Au Cameroun, l’institution internationale identifie plusieurs moteurs de la performance anticipée : une hausse de la production d’électricité et un renforcement des investissements publics et privés. L’inflation devrait, selon les projections, converger progressivement vers l’objectif régional de 3 % d’ici 2027. Néanmoins, la Banque mondiale note des vulnérabilités structurelles : l’épuisement progressif de certains gisements pétroliers menace les recettes hydrocarbonées et justifie une rationalisation des dépenses publiques afin de contenir un déficit budgétaire attendu autour de 1,7 % du PIB à moyen terme. Par ailleurs, la croissance par habitant resterait insuffisante pour réduire significativement la pauvreté, le nombre de personnes vivant sous le seuil de 3 dollars par jour en parité de pouvoir d’achat pouvant dépasser 8,3 millions d’ici 2027.

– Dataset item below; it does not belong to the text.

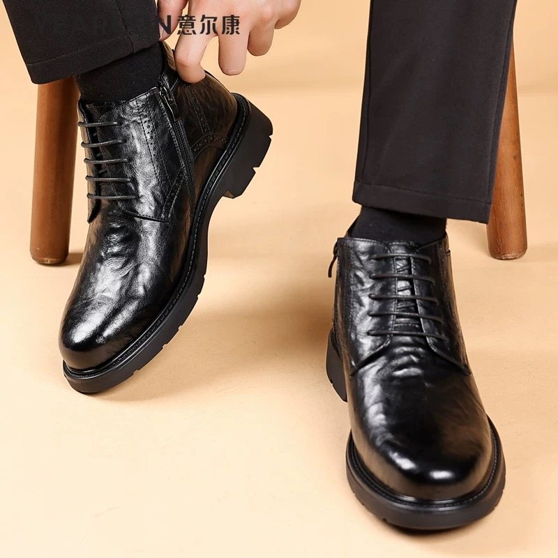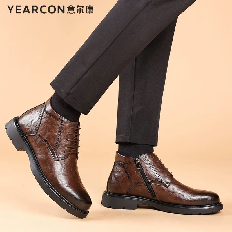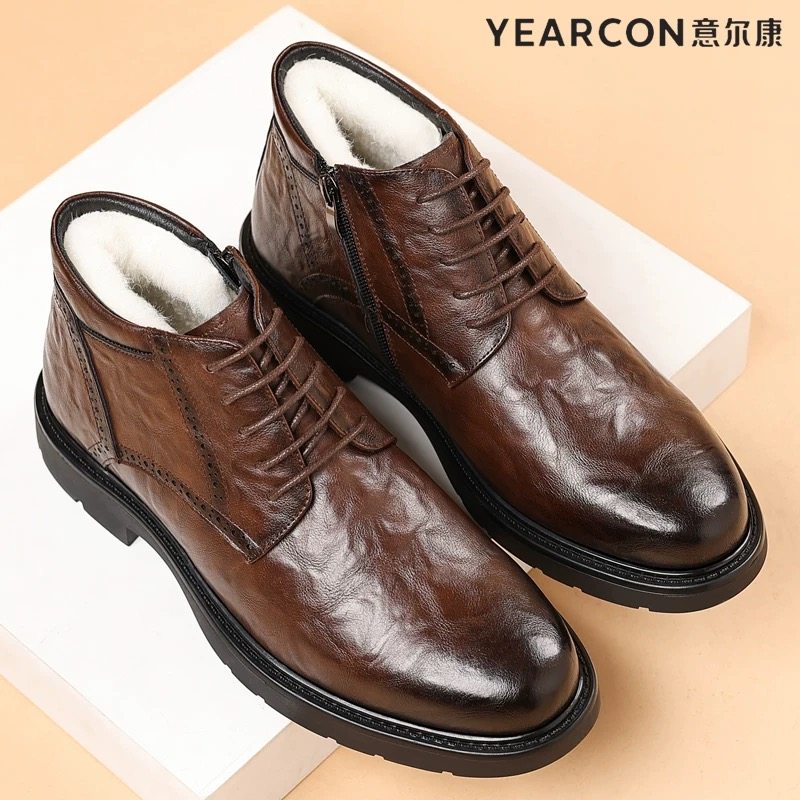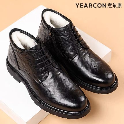 意尔康男士皮鞋2025冬季新款全牛皮精品高端加绒保暖软底高帮棉鞋

Perspectives pays par pays

La République centrafricaine voit sa dynamique soutenue, selon la Banque mondiale, par une consommation publique et privée amplifiée par le cycle électoral et par des investissements liés au Plan national de développement 2024-2028. L’inflation devrait tendre vers la cible régionale et le déficit budgétaire diminuer progressivement grâce à des réformes de gestion des finances publiques. Malgré ces avancées, l’extrême pauvreté demeure élevée et les indicateurs sociaux restent fragiles.

Au Congo, l’amélioration attendue de l’activité repose sur l’entretien et la revitalisation de certains champs pétroliers, sur une montée des ventes de gaz et sur la mise en service d’une nouvelle raffinerie privée. Ces facteurs contribueraient à une reprise sectorielle, tandis que le stock de dette publique pourrait reculer autour de 81 % du PIB grâce à des remboursements. Toutefois, la Banque mondiale signale des tensions de trésorerie et des perturbations énergétiques susceptibles de freiner la reprise.

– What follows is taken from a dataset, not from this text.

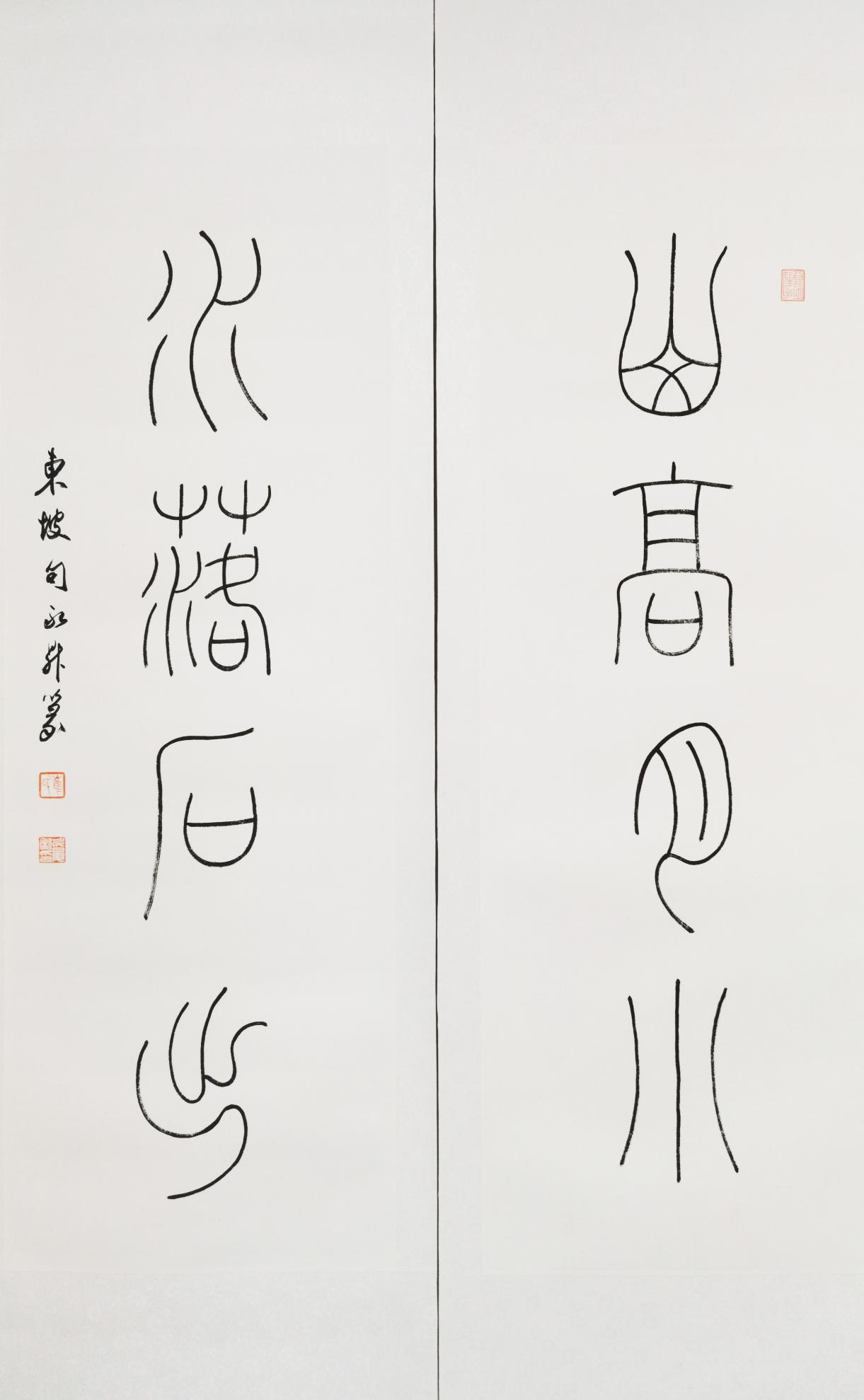 图 16 篆书“山高-水落”联32cmx65cm

Le Gabon devrait compenser en partie la baisse de production pétrolière dans des champs arrivés à maturité par une diversification graduelle de son économie : progression de la production de bois, de manganèse, d’huile de palme et de caoutchouc, et perspectives minières liées au démarrage de l’exploitation du minerai de fer de Belinga et à l’ouverture prochaine d’un nouveau gisement. Des projets de construction et le développement des services pourraient également soutenir l’activité. Malgré cela, la combinaison d’une baisse des recettes pétrolières et d’un niveau élevé de dépenses publiques laisserait un déficit budgétaire aux alentours de 4,6 % du PIB à l’horizon 2026-2027.

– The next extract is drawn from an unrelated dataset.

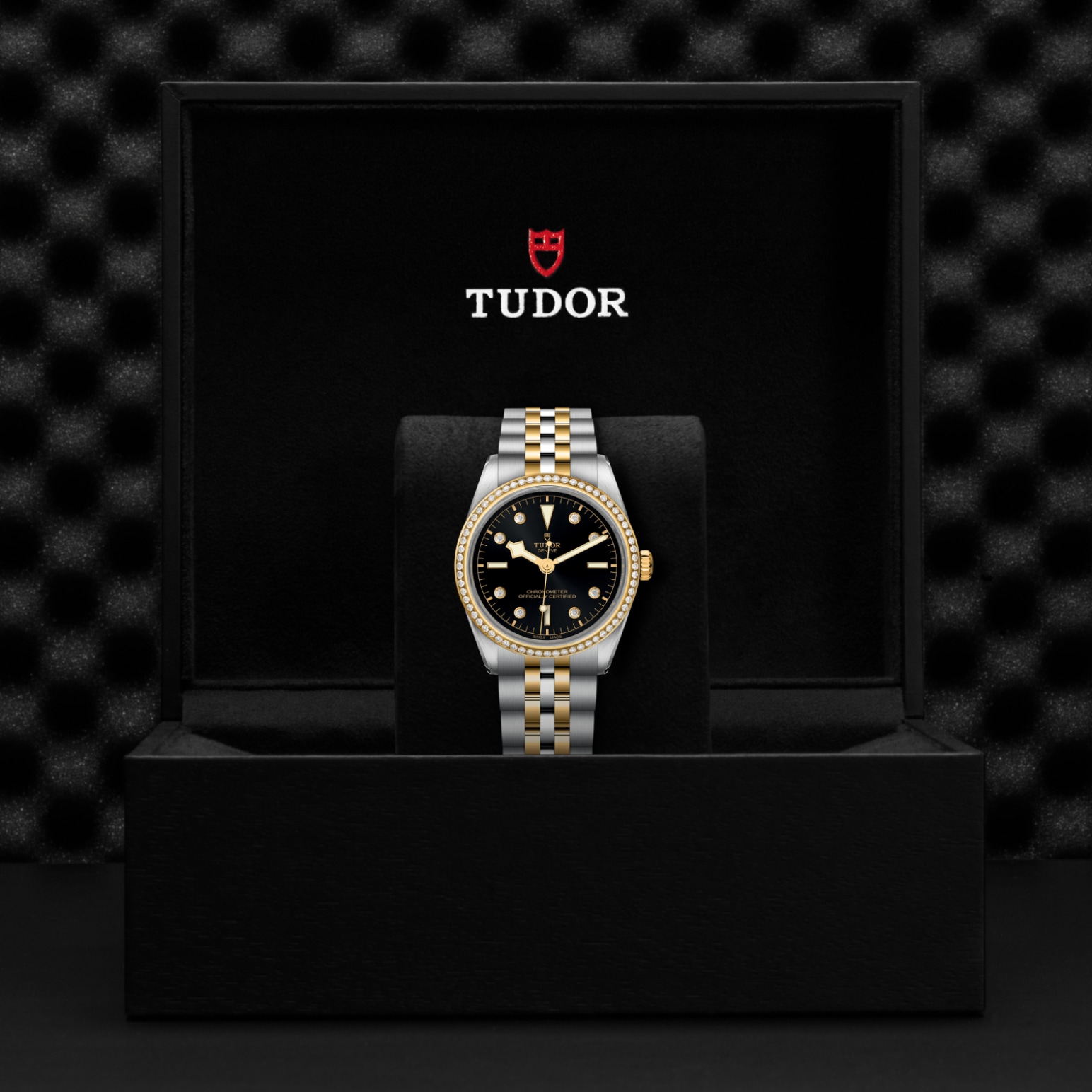 Prime maglie centrali in acciaio o in oro giallo massiccio. Le altre maglie centrali sono costituite da un’anima in acciaio rivestita da 0,2 mm di oro giallo. Chiusura pieghevole TUDOR “T‑fit” con fermaglio di sicurezza. Il logo sul fermaglio è realizzato in oro giallo massiccio

La Guinée équatoriale apparaît comme l’économie la plus fragile de la zone : la Banque mondiale prévoit une croissance très limitée pour 2026, autour de 0,4 %. La chute de la production d’hydrocarbures et l’érosion progressive des réserves pétrolières pèseraient sur les exportations et creuseraient le déficit du compte courant. Le solde budgétaire resterait négatif, estimé à environ 1,6 % du PIB, et l’économie conserverait une forte dépendance aux revenus pétroliers

Pour le Tchad, la projection retenue place la croissance à 3,7 % en 2026 selon la Banque mondiale. Aucun détail supplémentaire sur les facteurs sous-jacents à cette prévision n’est fourni dans le rapport cité.